The New York Times Company will soon be stamping its name not only on newspaper headers, but on online-education certificates.
Two years ago, with revenue from its celebrated print product in a nosedive, the New York Times Company starting poking its nose into the lucrative market of distance education, providing technology, marketing, and archival resources for non-credit courses taught by professors at colleges around the country through Epsilen, its online course delivery and networking platform.
This spring, in conjunction with a handful of colleges, the Times will actually start awarding certificates to students who pay to take its online courses -- moving beyond its previous involvement, which focused on individual, non-credit courses.
“Online education is a really robust area,” said Felice Nudelman, director of education for the Times. “It is, for many institutions, a profit center. And it’s an exciting way to bring together all the content from The New York Times and expertise from our newsroom, and expertise of college and university faculty.”
Ball State University’s undergraduate College of Communications, Information, and Media will begin a six-week course on video storytelling Monday — one of nine courses students must complete in order to earn a certificate toward “emerging media journalism” stamped with the seals of the Times and Ball State. Nudleman said she thinks a certificate bearing both brands will “absolutely” make an impressive addition to a résumé.
But cachet comes at a price. The Times and its college partners have always charged for access to their online courses, but in order to earn credit toward a certificate, online students will have to pay a little extra. For example, the Ball State video storytelling course will cost $235 to students seeking credit, $199 for non-credit students. The Times and the university will share the revenue.
Roger Lavery, dean of the communications school at Ball State, said he expects many of the early participants in the program to be older journalists seeking the new-media skills to adapt to a changing journalism industry. Lavery also said he believes students at other colleges with less well-appointed communications programs might enroll to supplement their studies, and has advertised the program to the Association of Schools of Journalism and Mass Media and the Broadcast Education Association. Ball State will not allow its own students to take the online courses for credit, so as not to cannibalize its own classroom enrollments; but Lavery said he expects other colleges will be willing to count the credits.

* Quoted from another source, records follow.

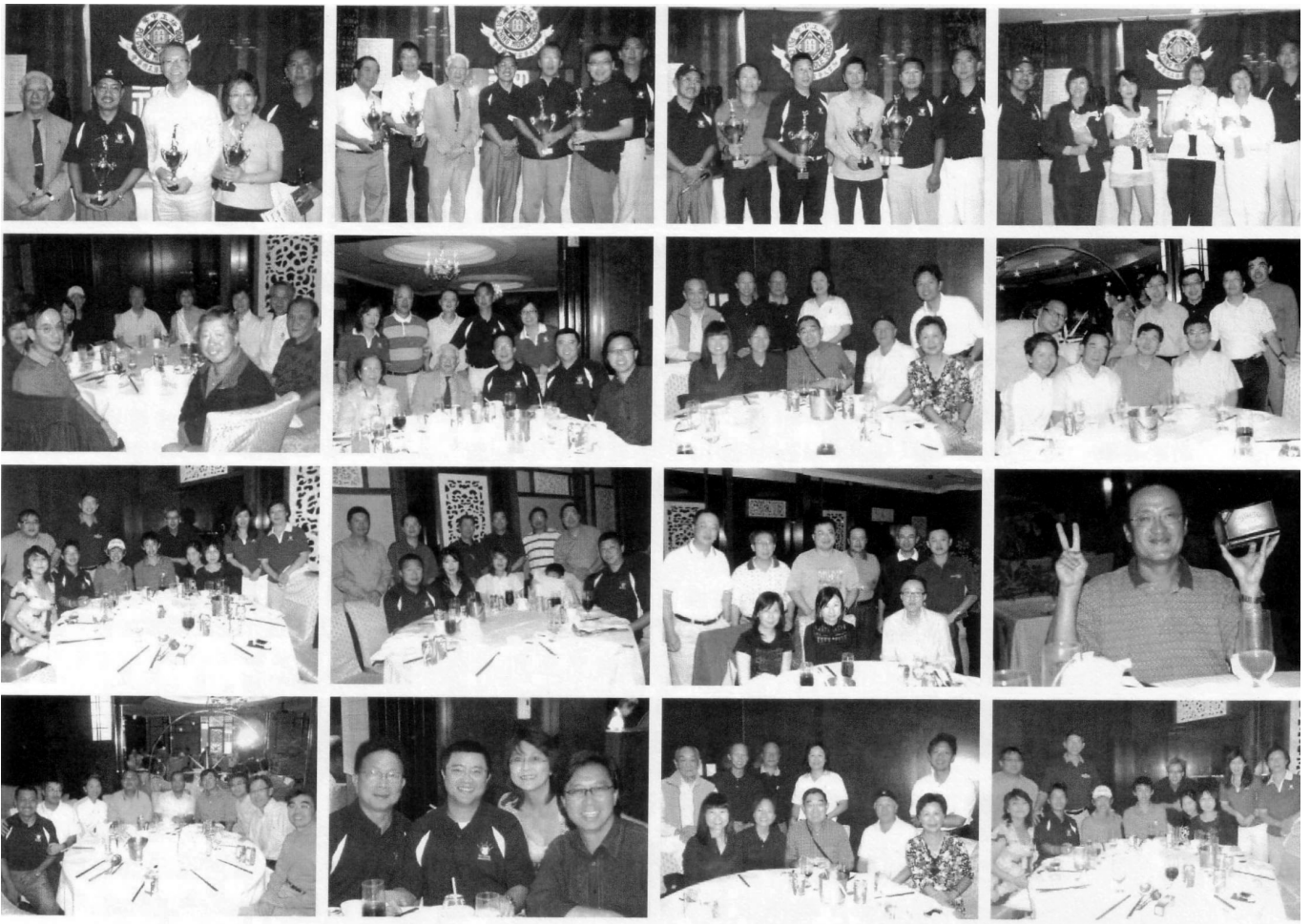
安省培正同學會2007年度哥爾夫球大賽晚宴及頒獎
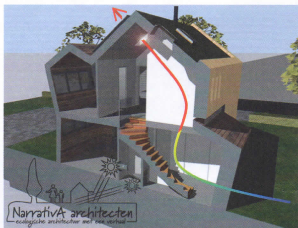
Nachtventilatie is ideaal voor het laten afkoelen van een houtskelbouwconstructie.

Een gunstige faseverschuiving begint bij een zonbewust ontwerp van een houtskelbouwwoning. Het motto daarbij is het beperken van maximale zontoetreding in de gebouwschil. Door het treffen van bovengenoemde maatregelen kan dat doel worden bereikt.
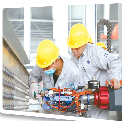
打破外资品牌长期垄断——宝丰新能源
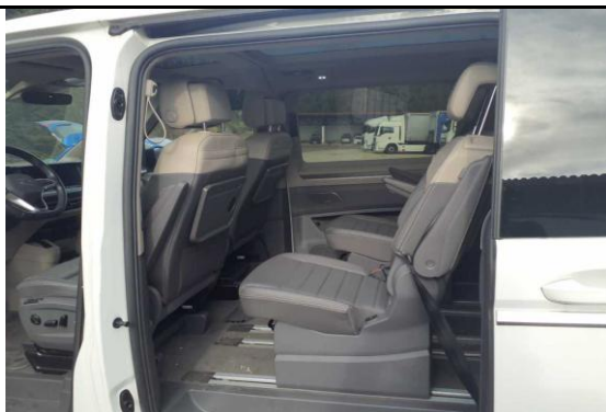
Ansicht Sitze hinten
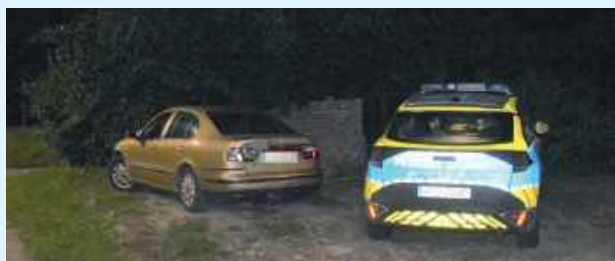
Kierowca Seata próbował uciec z miejsca zdarzenia, jednak został powstrzymany przez świadka, który zabrał mu kluczyki do auta

W Kalinowicach kierowca Seata, będący pod wpływem alkoholu, uderzył w samochód marki Volvo. Próbował uciec z miejsca zdarzenia, ale został powstrzymany przez świadka. Na szczęście nikt nie odniósł obrażeń. Mężczyzna został zatrzymany i odpowie za swoje czyny przed sądem.
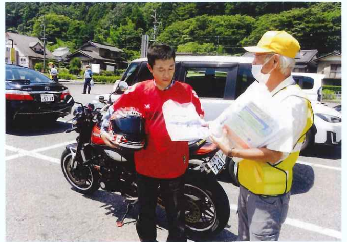
バイク運転者への広報（七宗支部） 道の駅ロックタウン七宗で、バイク運転者に交通安全広報を行いました。
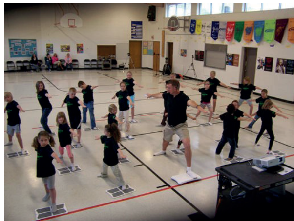
Slika 4. Primena Nintendo Wii Fit konzole u fizičkom vaspitanju

Jedan od uspešnijih načina primene AVI u fizičkom vaspitanju je putem Nintendo Wii konzole i igre Wii Fit. Wii Fit je predstavljen javnosti 2007. godine u Japanu i od tog vremena je postigao veliku popularnost širom sveta. U suštini, Wii Fit predstavlja video igru sa elementima fizičkog vežbanja na ploči za balansiranje. Ova ploča omogućava „interpretaciju“ pokreta celog tela igrača koji se koriste kao osnova za kontrolu pokreta u okviru igre. To znači da igrači fizički pokreću celo telo u cilju kontrolisanja likova na ekranu u različitim aktivnostima kao što su joga, skijanje, trčanje ili vežbe za jačanje mišića.
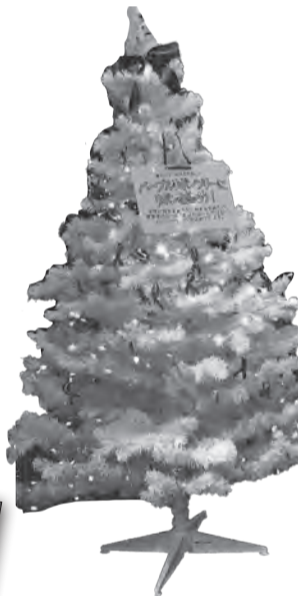
▲パープルリボンツリー
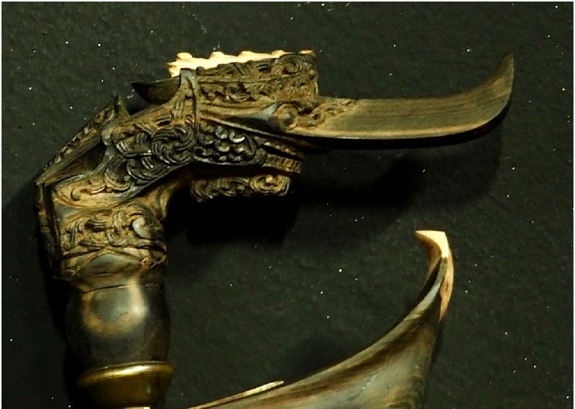
หัวกริชบอตอกาลอ
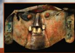
(金の合金製のシカン神の仮面)
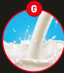
G MILCH VON SÄUGETIEREN UND MILCHERZEUGNISSE (INKLUSIVE LAKTOSE)
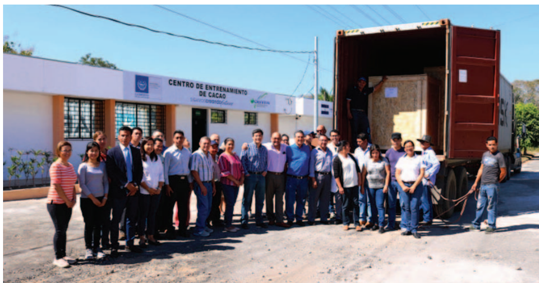
Alcuni momenti della consegna dei macchinari per l'impianto di lavorazione del cacao e del cioccolato

Caraibi, realizzato dall'organizzazione internazionale italo-latinoamericana IILA con fondi dell'Agenzia italiana per la cooperazione allo sviluppo. Il macchinario prevede un'intera linea di lavorazione con le più moderne apparecchiature tecnologiche con una capacità di 30 chilogrammi all'ora, che consentirà ai piccoli produttori di cacao di ottenere una varietà di prodotti derivati da cacao di buona qualità. Il progetto prevede anche una formazione con esperti di cioccolato italiani che terranno corsi nei prossimi mesi. [Autore: Percy Coordinatore Tecnico Locale del progetto IILA]
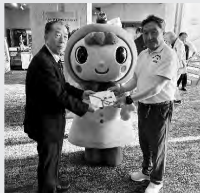
村田大会実行委員長(右)から篠宮会長(左)へ収益金の目録贈呈をしました。
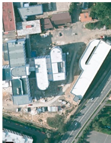
Letecký snímek nemocnice v Klatovech

Více informací o projektu Digitální mapa veřejné správy Plzeňského kraje najdete na adrese http://dmvs.plzensky-kraj.cz .
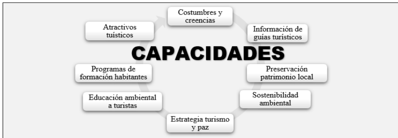
Figura 4. Capacidades para el turismo de naturaleza en la zona centro

de los productos turísticos a partir de los atractivos naturales, b) Planificación de esquemas para la sostenibilidad, c) Formación de agentes y guías turísticos, d) Promoción de sitios turísticos, e) Costumbres, creencias y valores de los habitantes de la región, f) Estrategia de turismo y paz liderada por el MinCIT (2018) para impulsar el sector turismo en el país, g) Preservación del patrimonio local, i) Educación ambiental a turistas y habitantes de la zona estudiada.

Ball State is one of four colleges that have partnered with the Times on certificate programs, and the offerings go beyond the subject of journalism. Rosemont College is co-sponsoring a certificate in entrepreneurship, which involves six courses at $1,950 per course; the City University of New York is co-sponsoring a certificate in immigration law — four courses at $930 a pop; and Thomas Edison State College is co-sponsoring separate 45-week programs in paralegal studies and nurse paralegal studies, each costing $3,920.
Professors from the partnering institutions will teach the courses. The Times, for its part — in addition to advertising the programs online and in print — will supply the professors and their students with all the educational resources incorporated in its New York Times Knowledge Network. These include archived news content back to 1851, along with subject-specific content modules, offering instructors template tools to match articles, graphs and other materials with their lectures or online notes. The Times will also offer up topic specialists from its newsroom for virtual guest appearances.
“If you look at the content of the pages of New York Times,” Nudleman said, “we probably have as much depth and breadth as a good liberal arts curriculum.”